A fortnight later, Miss Marple, thoroughly bundled in wool and furs, travelled to the London sales with Mrs. Bantry, Lucy Eyelesbarrow, and Griselda Clement. Following some rather excellent bargains in table-linen, pillowcases, and hosiery, they enjoyed a leisurely tea and went on to the theatre.
The strains of Swan Lake's melody rose. It was the final night. Arakelova, the famous Russian dancer, performed for the first time in years. She was superbly ethereal as Odette, pleading and compelling and leading her prince to their fate.
And behind her, the chorus of swans spun and pirouetted as if weightless across the stage. Galina Parkes was the second girl from the right. There was nothing to say during such a performance, but afterwards Dolly Bantry found plenty.
"And so you eloped to join the ballet corps?" Mrs. Bantry demanded in the dressing-room.

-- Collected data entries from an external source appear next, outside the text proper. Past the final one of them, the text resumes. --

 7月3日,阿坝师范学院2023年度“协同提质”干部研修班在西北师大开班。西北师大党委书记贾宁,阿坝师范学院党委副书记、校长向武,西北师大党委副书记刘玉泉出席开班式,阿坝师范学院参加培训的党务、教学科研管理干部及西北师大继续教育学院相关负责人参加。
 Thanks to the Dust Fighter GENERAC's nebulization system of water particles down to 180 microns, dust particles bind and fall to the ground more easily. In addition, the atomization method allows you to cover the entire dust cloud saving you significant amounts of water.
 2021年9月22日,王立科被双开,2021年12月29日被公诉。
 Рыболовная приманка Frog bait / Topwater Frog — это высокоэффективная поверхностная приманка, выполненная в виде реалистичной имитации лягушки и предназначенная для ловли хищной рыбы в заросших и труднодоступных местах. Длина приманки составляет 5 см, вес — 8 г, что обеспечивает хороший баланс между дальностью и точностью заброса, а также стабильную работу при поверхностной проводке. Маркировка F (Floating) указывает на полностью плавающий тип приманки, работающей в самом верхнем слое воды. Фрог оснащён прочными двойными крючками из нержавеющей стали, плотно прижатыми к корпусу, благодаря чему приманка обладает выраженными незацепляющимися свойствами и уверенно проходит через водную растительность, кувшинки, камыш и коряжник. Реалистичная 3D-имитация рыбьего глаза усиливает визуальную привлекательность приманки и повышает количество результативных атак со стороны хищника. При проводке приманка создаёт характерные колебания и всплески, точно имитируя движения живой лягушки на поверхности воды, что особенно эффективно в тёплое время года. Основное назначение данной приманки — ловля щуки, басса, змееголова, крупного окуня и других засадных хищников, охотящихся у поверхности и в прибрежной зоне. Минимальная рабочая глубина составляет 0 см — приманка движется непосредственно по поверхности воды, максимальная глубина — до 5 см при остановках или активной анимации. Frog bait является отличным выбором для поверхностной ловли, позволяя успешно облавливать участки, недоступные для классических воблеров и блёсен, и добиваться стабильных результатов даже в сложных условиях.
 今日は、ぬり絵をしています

"Oh, yes - my husband did not wish a scandal, you see. It is not good to be a dancer. But I danced with Arakelova before the war, before I married John, and when I saw the newspaper article in the flowers I could not miss her return. So I flew on the next train to join the company - I danced it a hundred times before, you see, and they trusted me," Galina said. She bent her head to the huge cluster of Albertine roses in her hands. "I hope it was a good performance."

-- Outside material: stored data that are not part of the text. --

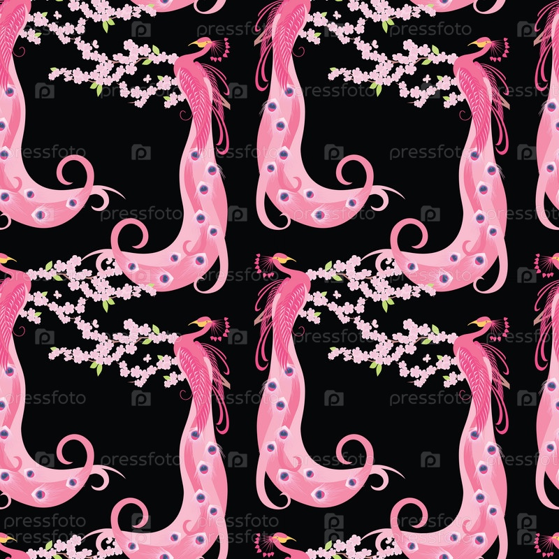 Бесшовный рисунок павлинов на цветущей ветке дерева
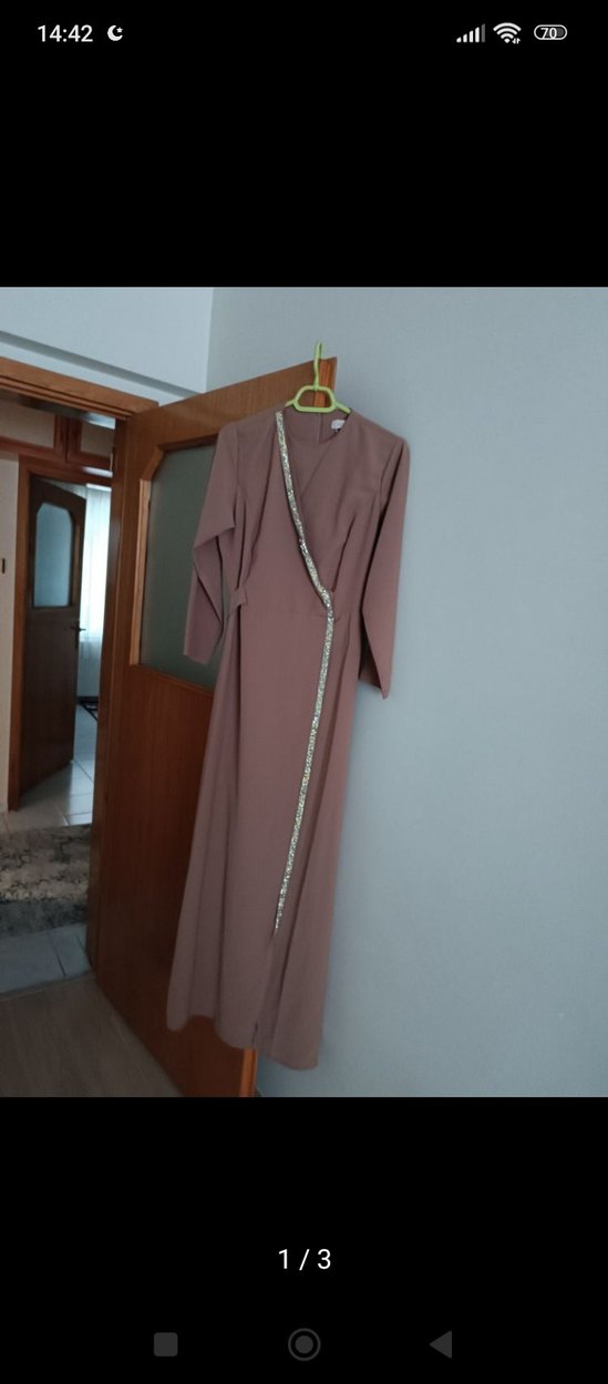 Bej renkli, V yakalı ve uzun kollu bu uzun elbise, drapeli tasarımıyla sade ve rahat bir görünüm sunar. Günlük kullanım için uygundur.
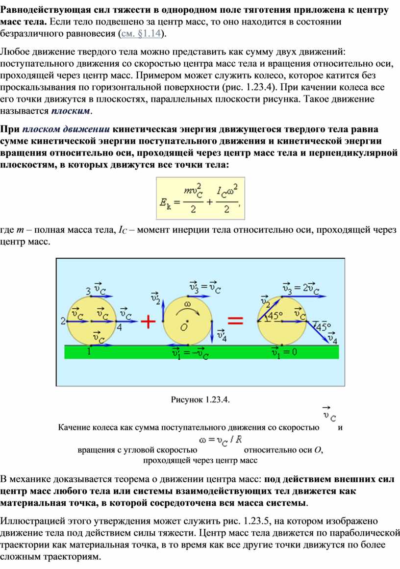 Иллюстрацией этого утверждения может служить рис. 1.23.5, на котором изображено движение тела под действием силы тяжести. Центр масс тела движется по параболической траектории как материальная точка, в то время как все другие точки движутся по более сложным траекториям.
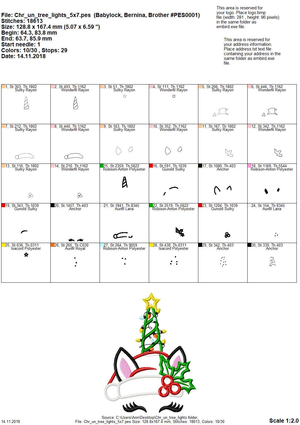 Christmas Unicorn head with Christmas tree and lights applique machine embroidery designs unicorn faceMerry Christmas

"It was splendid, as I'm sure you already know, and we'll not breathe a word of it to St. Mary Mead," Dolly Bantry promised. "You are going back to your husband, aren't you?"
"Yes. This was my first love, but my second will be longer and truer," Galina said. "I return to-morrow." They could see the stars in her eyes.
"Just see that you do! Indirectly, you see, I lost my cook because of it all," Dolly Bantry said, "but Irene Bowen is a much nicer girl, you see, and Madeline's gone to another county with a better salary, so she'll not complain, and Anthony's putting in some excellent compost," she added irrelevantly. "So pleased he decided to stay on."
"All's well that ends well, journeys end in lovers' meetings," Griselda said. "But beware - for I come to give you a grim and deadly warning, Galina! There is nothing in St. Mary Mead that Miss Marple doesn't know."
Galina Parkes gave another starry smile, as if to say there was a final precious secret within her.
"Such a delightful performance," Miss Marple said. "We're here to congratulate you. And I have knitted you these. Just in case."
She gave Galina Parkes a small package of soft fluffy white socks.